Teaching

Summary of Teaching Philosophy:
Environmental changes, policies, and struggles are the products of historical processes. My objective as an Africanist environmental historian is to instruct students by facilitating an exploration of varied historical materials to understand processes that too often create degradation and injustice. But by understanding these processes, students also gain analytical tools to use in creating a better future. By fostering this knowledge through my teaching, I enable students of all genders from varied racial, socio-economic, cultural, generational, and disciplinary backgrounds to work for a more just, equitable, and sustainable future. These objectives are illustrated in my past and present teaching experiences,

Courses Taught:

Histories of Disease and Healing (scheduled for Spring 2023 at Holy Cross)

Experiences of disease and healing, as Covid-19 has shown, are inseparable from social, political, economic, and environmental circumstances. Taking a global historical approach, this course examines diverse human diseases (malaria, pellagra, influenza, HIV/AIDS) and one livestock disease (rinderpest) to better understand these circumstances. Two general inquiries will guide our studies: 1) How have varied social groups such as rich and poor and men and women experienced disease and healing across time and space? 2) How have research, policies, and treatments been produced and circulated? We will explore different places and time periods, from rinderpest in 1890s Africa to the global AIDS pandemic. Materials include historical scholarship, medical and scientific reports, literature, and film.

Global Environmental History

This course introduces students to the field of environmental history, which explores how human society, non-human actors, and science and technology have shaped modern environments. We will focus on the late-nineteenth and twentieth century with special emphasis on Africa, Latin America, and South Asia. By interrogating the environmental concerns of our times, from changes in agriculture to climate change, from droughts to environmental justice, this course will cross established disciplinary and geographical boundaries. It will also be a methodological introduction to doing history at a scale that is beyond the nation-state. To do history from a global perspective we will learn to examine the changing relationship between humans, animals, plants, and other non-human things through categories of migration, colonialism, capitalism and geopolitics.

Gender and Power in African History

This course examines how relationships between women and men are central to the social, political, and economic history of Africa. Understanding how terms such as “woman” and “man” and ideas about sexuality are shaped by larger social forces – from the local to the global – sheds light on the history of politics, family life, religion, environment, and economic change. This course will be thematic, focusing on various regions and emphasizing women in modern Africa. Students will draw on varied materials to engage in critical discussion and to write a semester paper. Course materials include: a recent monograph by historian Nwando Achebe called Female Monarchs and Merchant Queens in Africa (2020); a seventeenth-century biography about the Ethiopian saint Walatta Petros (1672/2018); and Unbowed (2007), the memoir of the late Kenyan activist Wangari Maathai.
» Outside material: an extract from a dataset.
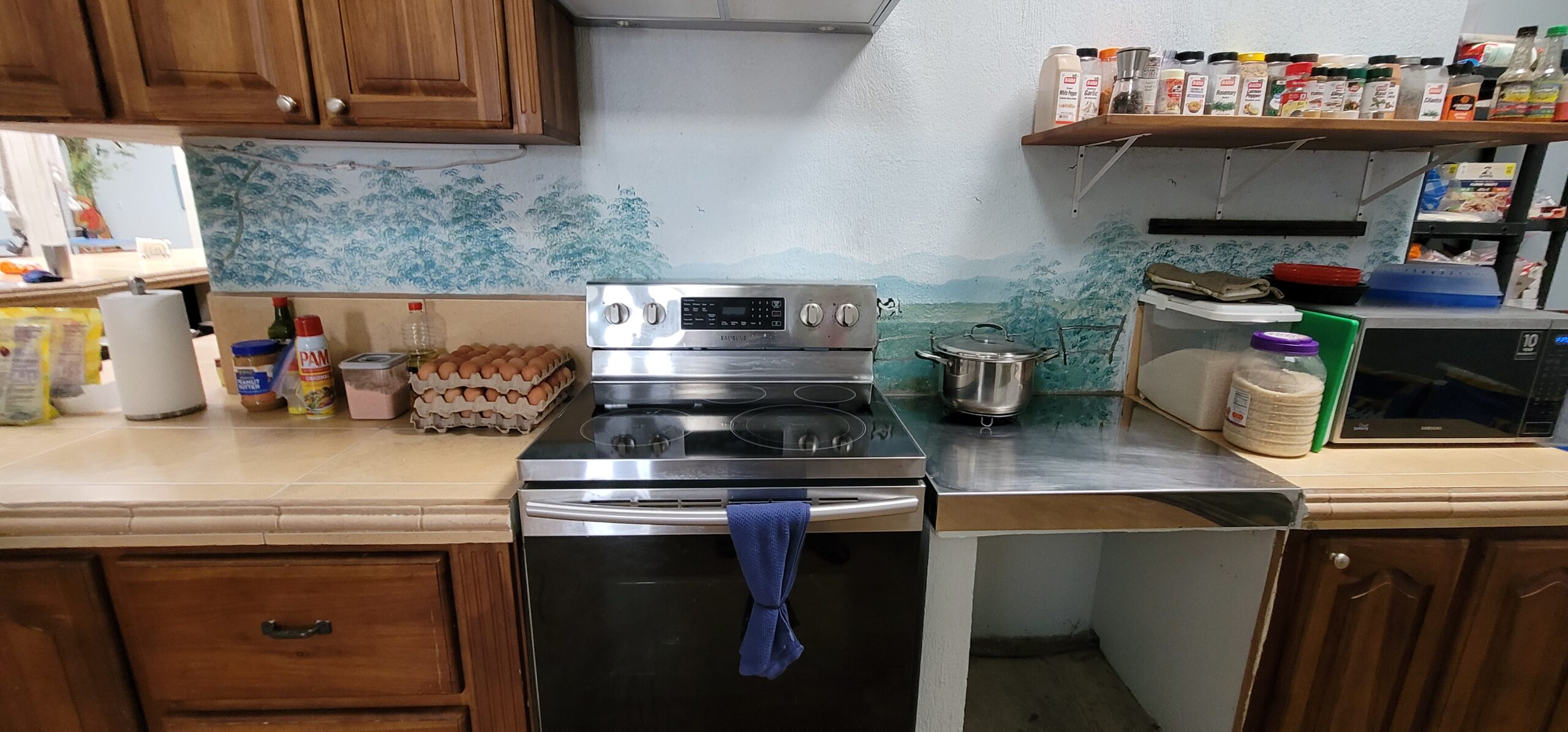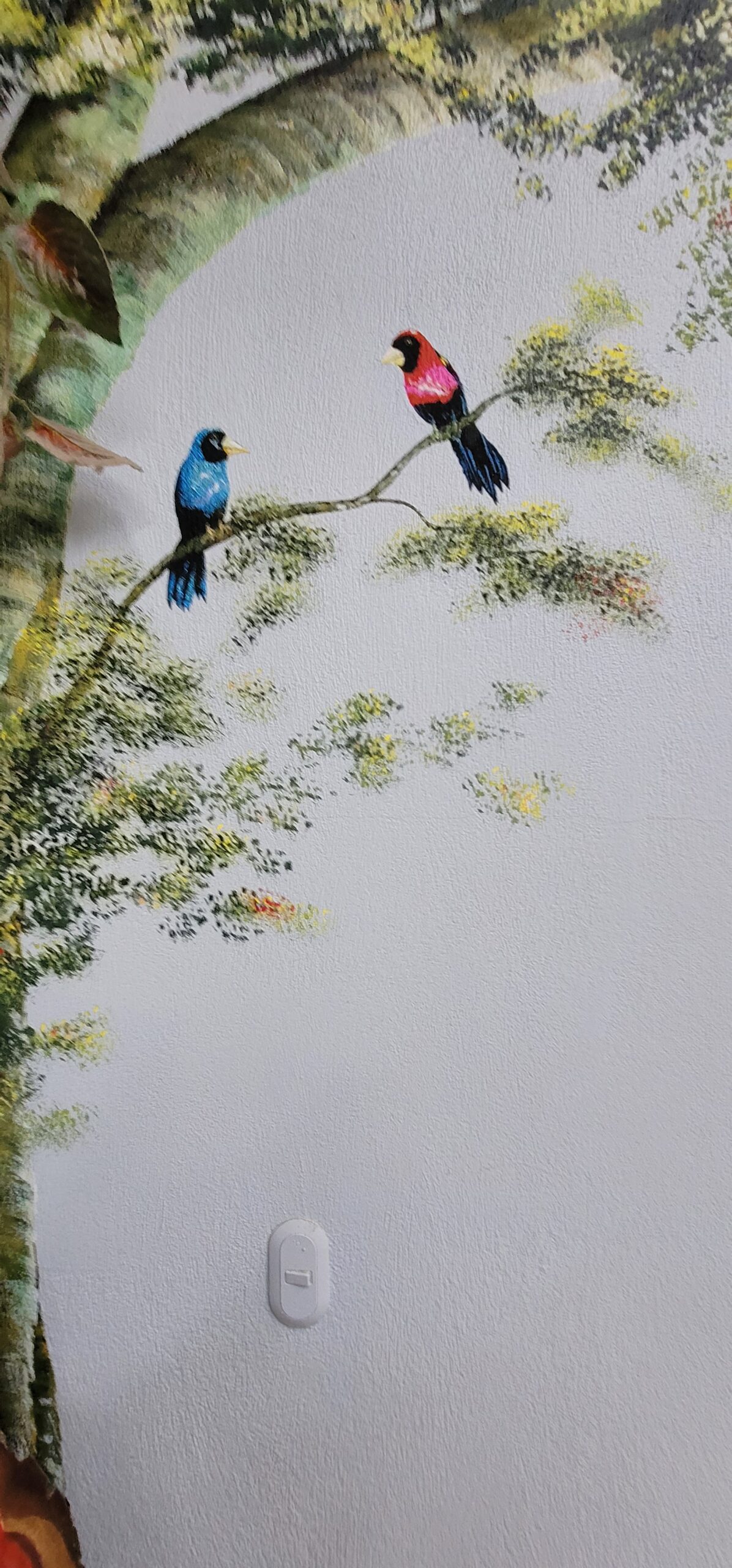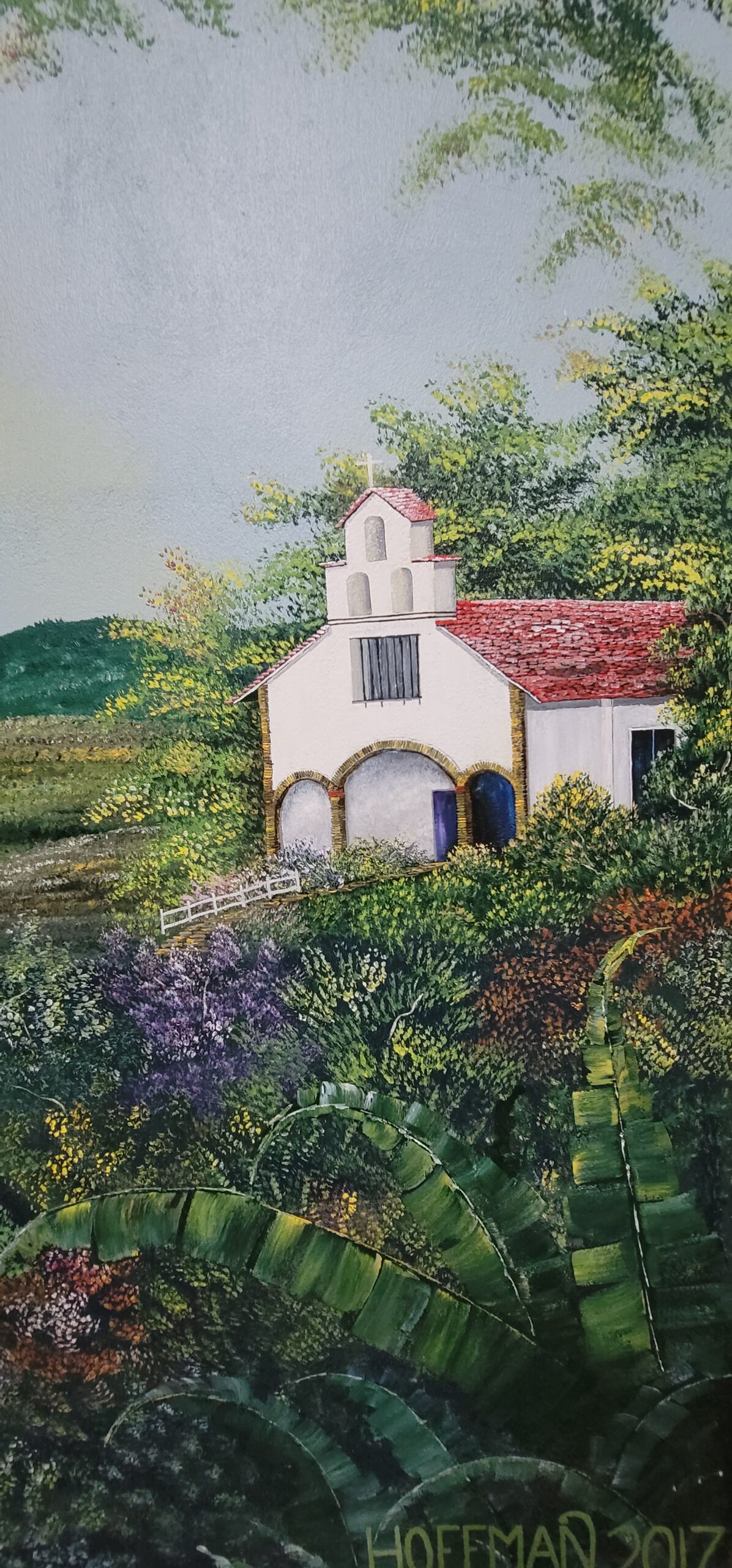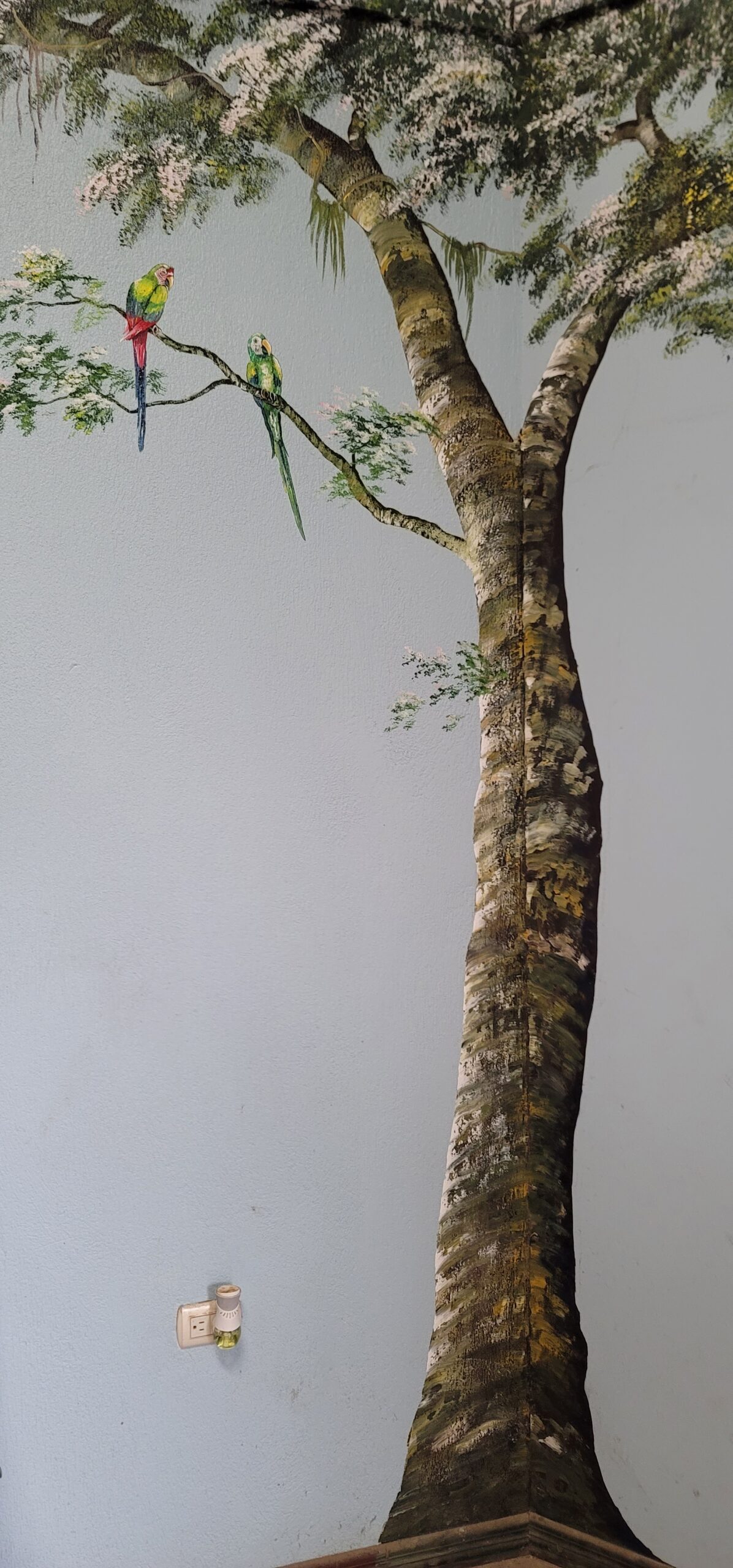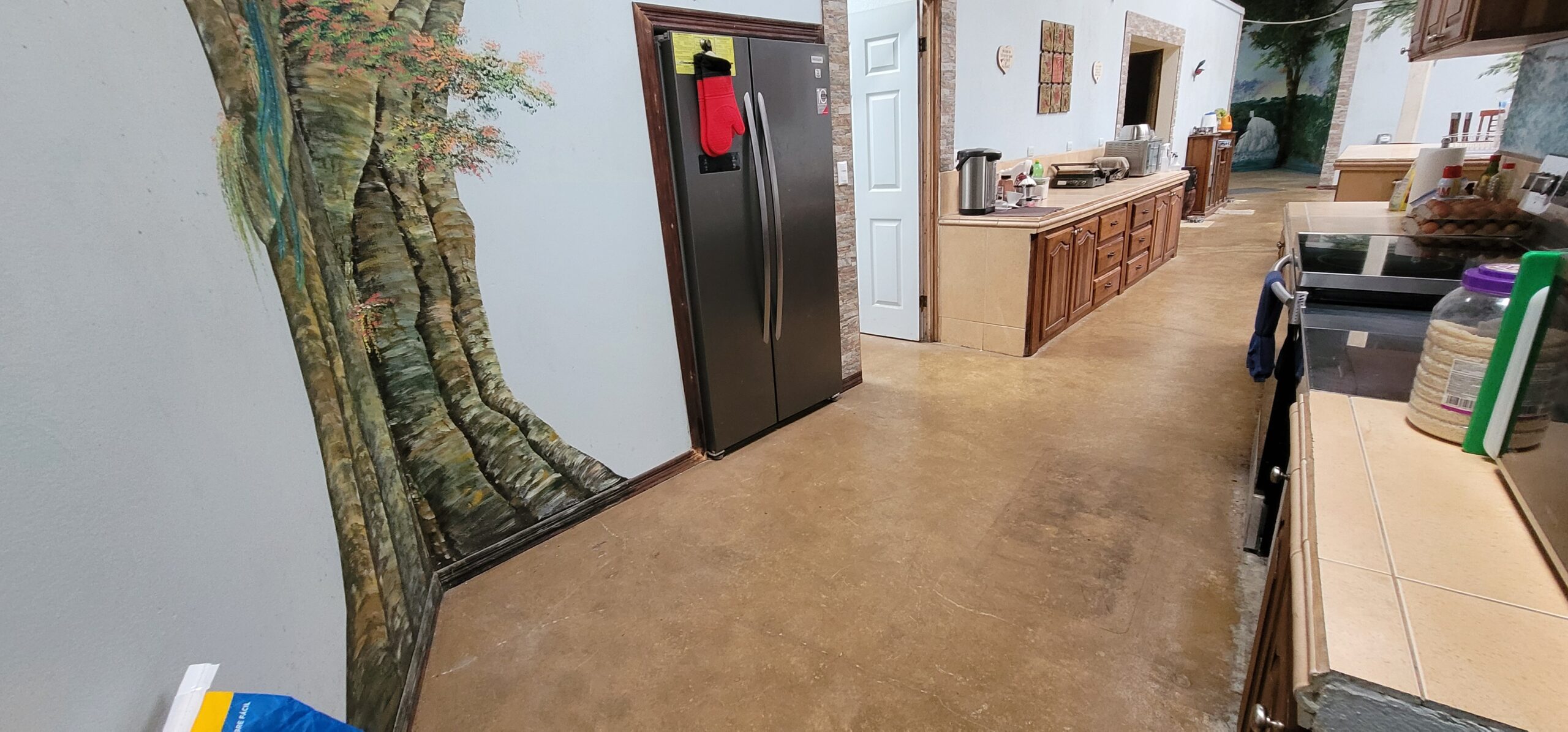 As you open the steel front door with a six point locking mechanism and walk into the large foyer, you are met with over 100 ft long by 12 ft tall landscape murals valued at over $12,000 of nature scenes located on this farm. The beautiful fine art landscape murals were done by international landscape artist Paul Hoffman. (He is available to do additional murals if desired). Murals are filled with scenes of waterfalls, rivers, trees with exotic birds, monkeys, orchids, sloths and a beautiful turn of the century chapel on a resort seen from this mountain. (See pictures below).

Environment, Health, and Justice
Lecturer, Tufts University, Spring 2021

How is it that poor people, especially people of color, endure the worst effects of climate change, deforestation, and pollution? How has this situation of injustice developed over time? Moreover, how have people mobilized to change this situation? This research seminar probes these questions through case studies from Africa and the United States. Students examine, for instance, the social and ecological dimensions of mining, urban infrastructures, and industrial agriculture with special emphasis on how the injustices that emerge from such activities affect human health. Each case explores questions about power, race, gender, and class. Course materials will include Freedom Farmers: Agricultural Resistance and the Black Freedom Movement (2018) by sociologist Monica White; Unbowed (2006), the memoir of Kenyan activist Wangari Maathai; and Blood on the Mountain, a 2016 documentary film about coal mining in West Virginia.

Critical Perspectives on ‘Development’ in African History
Lecturer, Tufts University, Spring 2019 & Spring 2020

What exactly is ‘development’? This seminar will probe this question in the context of African history by examining the ideas, institutions, and conflicts behind this concept. Case studies from different parts of the continent will be used to highlight the diversity of African experiences with ‘development’ from the late-1800s to the present. Students will study cases under four categories: Agriculture & Livestock; Human Health; Wildlife Conservation; and Big Dams. Important themes to be explored in each case are environmental change, colonialism, capitalism, international institutions, science, social inequality, race, and gender. Students will engage with readings in history and anthropology as well as a novel by Bessie Head, When Rain Clouds Gather (1968). Film will also be used too, such as the environmental historical documentary about Liberia and the Firestone Company called The Land Beneath Our Feet (2017). 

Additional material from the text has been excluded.